> Problem details
Look below for the line that has "Bemærk venligst, at"; output exactly from it through the line that has "Tracer un triangle", and leave the pictures out.

> Given data
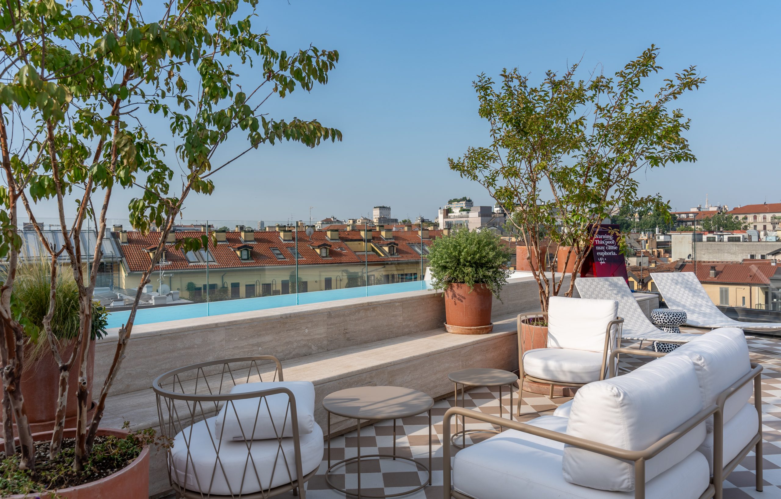 All’ultimo piano dell’hotel troviamo il rooftop con il Pool Bar, immerso nello skyline milanese e incorniciato dalla piscina all’aperto. Al piano inferiore si trovano altre due terrazze, mentre al piano terra si trova il Garden Cafè – che unisce il gusto del caffè italiano alla cultura internazionale del cocktail, per una colazione, un business lunch smart o un aperitivo nel cuore della città.
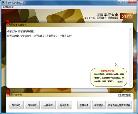 3楼 华军网友 2017-10-01 19:29:21极智字符大全2011功能全面,使用也挺方便的。
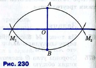 § 3. Четыре замечательные точки треугольника Задачи к § 3. Четыре замечательные точки треугольника (окончание)686. Решение Пусть АВ — данный отрезок. Построим две окружности с центрами в точках А и В радиуса АВ (рис. 230). Эти окружности пересекаются в двух точках М1 и М2. Отрезки АМ1, AM2, ВМ1, ВМ2 равны друг другу как радиусы этих окружностей.
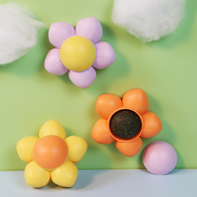 Katzenspielzeug, Blütenförmiges rotierendes catnip toys, Drei Farben, Anbieten Ersatz-Catnip-Bällen erhältlich, Zahnreinigung
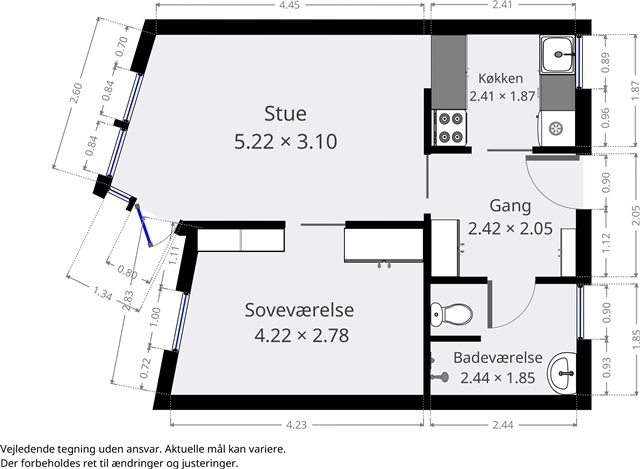 Bemærk venligst, at billeder og plantegning alene er vejledende og ikke nødvendigvis nøjagtige for denne bolig. Aconto-betalingen omfatter kun spildevand, mens el, vand, varme samt eventuelt internet og TV afregnes direkte med leverandørerne.
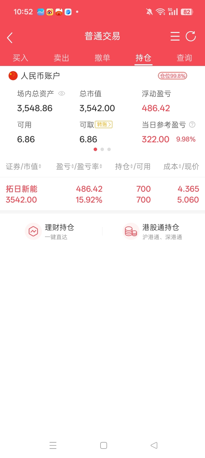 出金200,早盘开盘涨停价没卖掉,因为想做个日内T,没卖掉之后就没再涨停价卖,所以今天日内底仓做T没成功就持仓不动了,季线新能应该突破10,但我估计我自己拿不到,因为我只做日内涨停板或者连续涨停板回调几根阴线后买入,自选股里全是涨停跟主力建仓的票,只做高风险票,因为我自己十年前做职业股票T0出身,赚到后转战期货亏完,如今从新做回股票,目标一个小太阳,不管盈亏,百分百天天晒
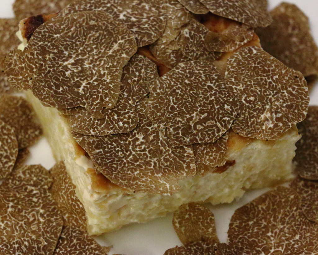Tortino di crema di latte e patate servito con tartufo nero pregiato
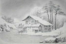 Baita, disegno a matita su carta, cm 13,5x 17, XX secolo, entro cornice
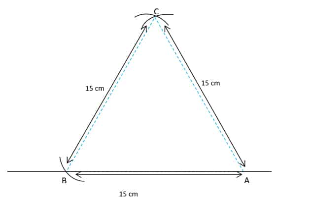 Tracer un triangle équilatéral de 15 cm de côté sur le carton gris : Tracez une droite. Nommez un point A. Ouvrez votre compas à 15 cm, et pointez le compas sur le point A. Tracez 2 arcs de cercle de cercle sur la droite. A l’intersection, nommez le point B. En partant de A, puis de B, tracez le point C.
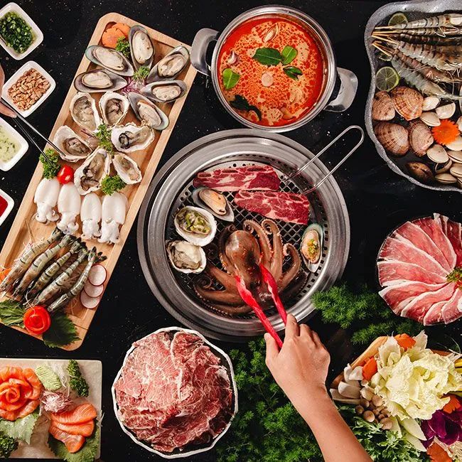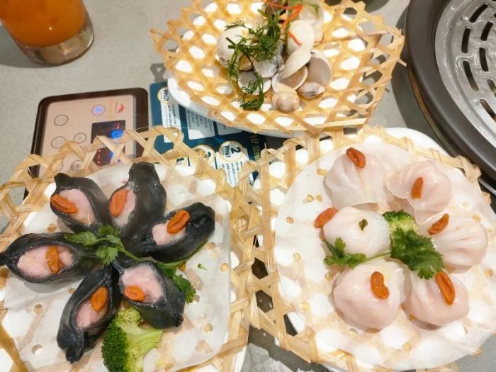 Additionally, the restaurant offers dozens of premium ingredients including volcanic beef, beef meatballs, beef flowers, Surimi squid flowers, fresh seafood, vegetables, mushrooms, shrimp paste, and various dumplings. The rich buffet line includes both hot dishes and ready-to-eat meals, while the condiment station is full of diverse options for you to mix your own perfect combination. Beyond the delicious food, the restaurant offers a luxurious, modern setting with dominant orange tones, state-of-the-art odor removal systems, and air conditioning to ensure a pleasant dining experience. It’s the perfect place to gather with friends and family for a memorable meal.

> Answer to this task
 Bemærk venligst, at billeder og plantegning alene er vejledende og ikke nødvendigvis nøjagtige for denne bolig. Aconto-betalingen omfatter kun spildevand, mens el, vand, varme samt eventuelt internet og TV afregnes direkte med leverandørerne.
 出金200,早盘开盘涨停价没卖掉,因为想做个日内T,没卖掉之后就没再涨停价卖,所以今天日内底仓做T没成功就持仓不动了,季线新能应该突破10,但我估计我自己拿不到,因为我只做日内涨停板或者连续涨停板回调几根阴线后买入,自选股里全是涨停跟主力建仓的票,只做高风险票,因为我自己十年前做职业股票T0出身,赚到后转战期货亏完,如今从新做回股票,目标一个小太阳,不管盈亏,百分百天天晒
Tortino di crema di latte e patate servito con tartufo nero pregiato
 Baita, disegno a matita su carta, cm 13,5x 17, XX secolo, entro cornice
 Tracer un triangle équilatéral de 15 cm de côté sur le carton gris : Tracez une droite. Nommez un point A. Ouvrez votre compas à 15 cm, et pointez le compas sur le point A. Tracez 2 arcs de cercle de cercle sur la droite. A l’intersection, nommez le point B. En partant de A, puis de B, tracez le point C.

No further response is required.